Ее собеседник молча внимал, явно переваривая услышанное. Вопрос, поверил ли он в то, что подобный мне блондин со славянской харей может оказаться марокканцем по национальности, да еще и столь заковыристо выражаться на непонятном наречии? Хотя, по-моему, в устах графини термин «марокканец» вполне можно было истолковать и как «француз из Марокко» – возможно, Зюмбюлев именно так и подумал. При этом чувствовалось, что теперь он непременно будет рассказывать своим потомкам, по поводу и без повода, сказочки о том, какие страшные и непонятные люди эти самые марокканцы. Если, конечно, проживет хоть сколько-нибудь долго, что при его роде занятий было вовсе не очевидно.
– Если вы согласны, – сказал Зюмбюлев, наконец-то выходя из ступора, – я прямо сейчас доставлю сюда к вам одного моего знакомого шкипера, который давно занимается подобными деликатными делами. Но, сразу предупреждаю – договариваться с ним об оплате будете отдельно! И лучше, если в этот раз обойдетесь без угроз и демонстрации оружия!
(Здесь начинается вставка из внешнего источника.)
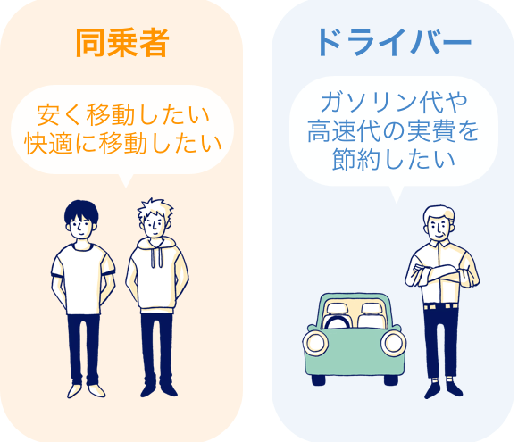ガソリン代や高速料金を割り勘で、移動コストを大幅に削減。

Я, чисто механически, отметил для себя, что слово «шкипер» по-болгарски звучит так же, как по-русски.
Ката сказала, что да, она согласна, после чего подняла со стула пальто и выложила на стол из его карманов затребованную сумму (как ей вообще удалось заранее предугадать возникший расклад, осталось для меня загадкой – могучая нечеловеческая интуиция или она таки знала примерные здешние ценники на такие услуги?) в виде невысокой горки банкнот различного достоинства. Примерно половина запрошенных Зюмбюлевым денег была выдана ему в фунтах стерлингов, остальное – в турецких лирах.
Господин Зюмбюлев, заметно просветлев лицом, два раза пересчитал это халявное богатство, а затем, попросив извинений, удалился в соседнюю комнату. Вернулся он уже без денег, торопливо застегивая пуговицы свежей, белоснежной сорочки.
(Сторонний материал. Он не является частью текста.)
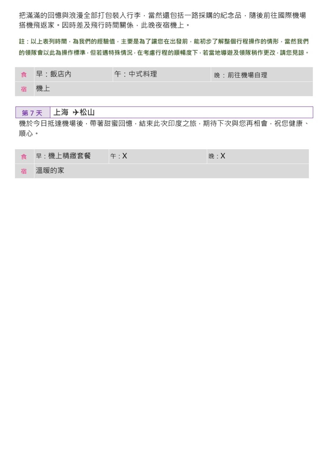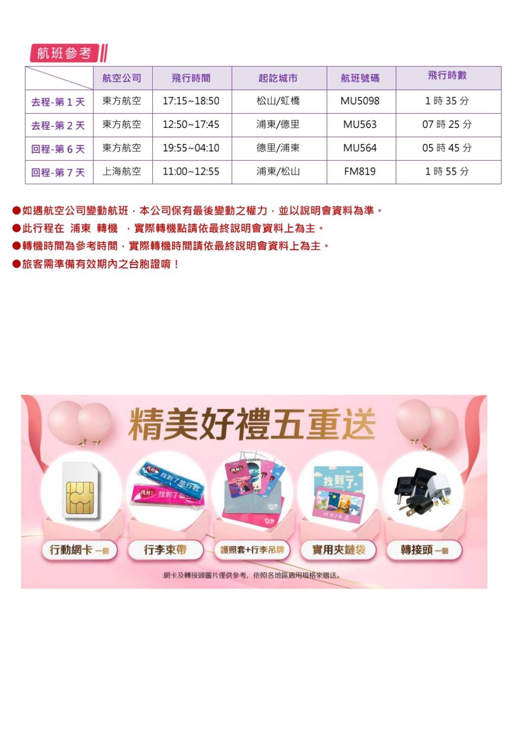 行程班機時間及降落城市與住宿飯店之確認以說明會為主。

Похоже, в доме он действительно был один. Жен, горничных или служанок для помощи ему не нашлось, и поэтому одевался он довольно долго, а мы сидели и ждали, слушая, как он возится и открывает шкафы где-то в соседней комнате. Наконец он предстал перед нами в дополнившем бриджи и сорочку темном лапсердаке и галстуке. В качестве обуви он натянул щегольские сапоги до колен, похожие на те, что обычно используют для верховой езды, но без шпор.
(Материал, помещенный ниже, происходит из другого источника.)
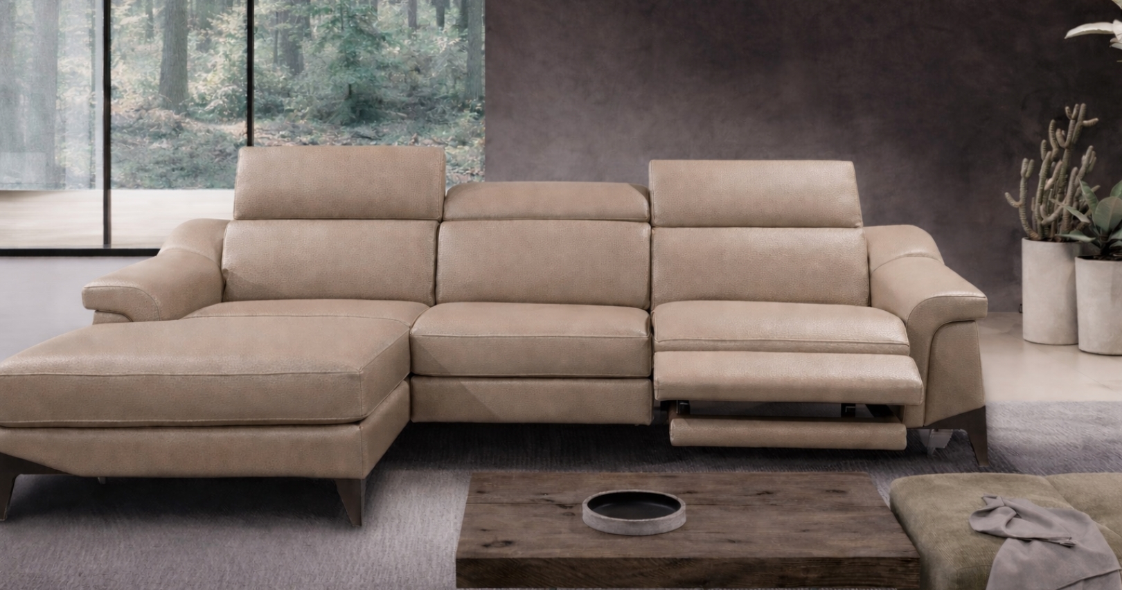 COUNTRY angle méridienne, c'est l'élégance contemporaine au service du confort. Avec ses lignes épurées et sa silhouette surélevée, le canapé d'angle CONTRY s'impose par son design moderne et raffiné. Disponible en version fixe ou avec relaxation électrique (en option), il offre un confort optimal grâce à son assise généreuse et ses têtières relevables et ajustables manuellement, idéales pour un excellent soutien de la tête et de la nuque. Possibilité de têtière(s) électrique (en option choix à l'étape 4) uniquement avec l'option relaxation élecrique. Entièrement revêtu de cuir Vachette Premium ou de cuir Vachette Excellium, COUNTRY allie noblesse des matériaux et facilité d'utilisation, avec un système de commande intuitif à deux boutons.

Затем он предложил нам пройти в соседнюю комнату, чтобы там, как он выразился, «подождать и отдохнуть».
Вслед за этим поскрипывающий сапогами Зюмбюлев быстро сходил куда-то на кухню и притаранил в соседнюю комнату поднос, на котором стояли тарелки с торопливо нарезанными копченой то ли говядиной, то ли бараниной, брынзой, хлебом и зеленью. Дополняли сей натюрморт две вилки, керамическая мисочка с несколькими краснобокими яблоками и персиками, глиняный кувшин (ну явно с вином) и два дорогих на вид (похоже, хрустальных) стакана.
Поставив харчи на покрытый белой скатеркой стол в соседней комнате, наш радушный хозяин сказал, что мы можем перекусить и поспать, пока он ходит, добавив, что, уйдя, он запрет нас в доме на ключ.
Графиня сказала на это, что не возражает.
Зюмбюлев заверил нас, что постарается вернуться как можно скорее. С тем он натянул шляпу, сразу же придавшую ему почти портретное сходство с кем-то из второстепенных персонажей (разных там цыган-конокрадов из числа корефанов Зобара) фильма «Табор уходит в небо», и вышел. Лязгнул запираемый замок на входной двери. Потом было слышно, как наш новый знакомый вышел из калитки и его скрипучие шаги удалились по улице куда-то в ту сторону, где были море и порт.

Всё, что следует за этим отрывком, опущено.